Data placement
Before diving into the mechanics ofdistributed processing, consider the problems
of handling huge amounts of data on a single computer. Distributed processing
and large-scale data processing have one major aspect in common, which is that
not all of the input data is available at once. In distributed processing, the data
might be scattered among many machines. In large-scale data processing, most of
the data is on the disk. In both cases, the key to efficient data processing is placing
the data correctly.
Let’s take a simple example. Suppose you have a text file that contains data
about credit card transactions. Each line of the file contains a credit card number
and an amount of money. How might you determine the number of unique credit
card numbers in the file?
If the file is not very big, you could read each line, parse the credit card number, and store the credit card number in a hash table. Once the entire file had been
read, the hash table would contain one entry for each unique credit card number.

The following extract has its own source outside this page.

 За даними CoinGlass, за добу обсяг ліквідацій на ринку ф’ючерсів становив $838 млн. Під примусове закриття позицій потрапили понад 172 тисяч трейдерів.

Counting the number of entries in the hash table would give you the answer. Unfortunately, for a big file, the hash table would be too large to store in memory.
Now suppose you had the very same credit card data, but the transactions in
the file were ordered by credit card number. Counting the number of unique
credit card numbers in this case is very simple. Each line in the file is read and
the credit card number on the line is parsed. If the credit card number found is
different than the one on the line before it, a counter is incremented. When the
end of the file is reached, the counter contains a count of the unique credit card
numbers in the file. No hash table is necessary for this to work.

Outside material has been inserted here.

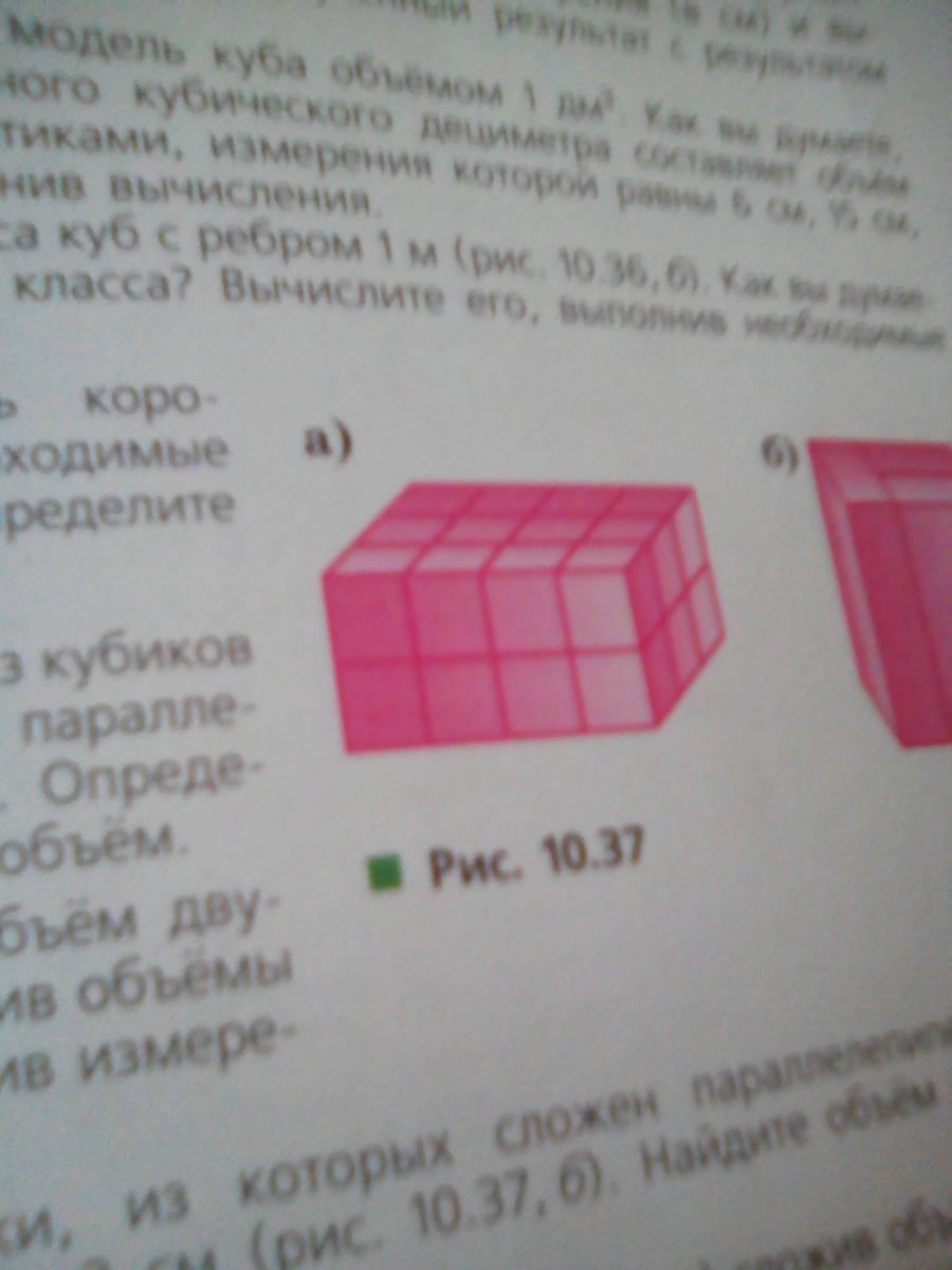Из ккубиков с ребром 5 ,см сложили паралелепипед (рис 10. 37'а). определите его измерения и объем. Вычислите объем двумя способами а) сложив объемы кубиков. б) перемножив измерения паралепипеда.

Now, back to distributed computation. Suppose you have more than one computer to use for this counting task. You can split the big file of transactions into
small batches of transactions. Each computer can count its fraction, and then the
results can be merged together to produce a final result.
Initially, we start with an unordered file of transactions. We split that file into
small batches of transactions and count the unique credit card numbers in each
batch. How do we combine the results? We could add the number of credit card
numbers found in each batch, but this is incorrect, since the same credit card number might appear in more than one batch, and therefore would be counted more
than once in the final total. Instead, we would need to keep a list of the unique
credit card numbers found in each batch, and then merge those lists together to
make a final result list. The size of this final list is the number of unique credit card
numbers in the whole set.
In contrast, suppose the transactions are split into batches with more care, so
that all transactions made with the same credit card end up in the same batch.
With this extra restriction, each batch can be counted individually, and then the
counts from each batch can be added to make a final result. No merge is necessary,
because there is no possibility of double-counting. Each credit card number will
appear in precisely one batch.
These examples might be a little bit tedious, but the point is that proper data
grouping can radically change the performance characteristics of a task. Using a
sorted input file made the counting task easy, reduced the amount of memory
needed to nearly zero, and made it possible to distribute the computation easily.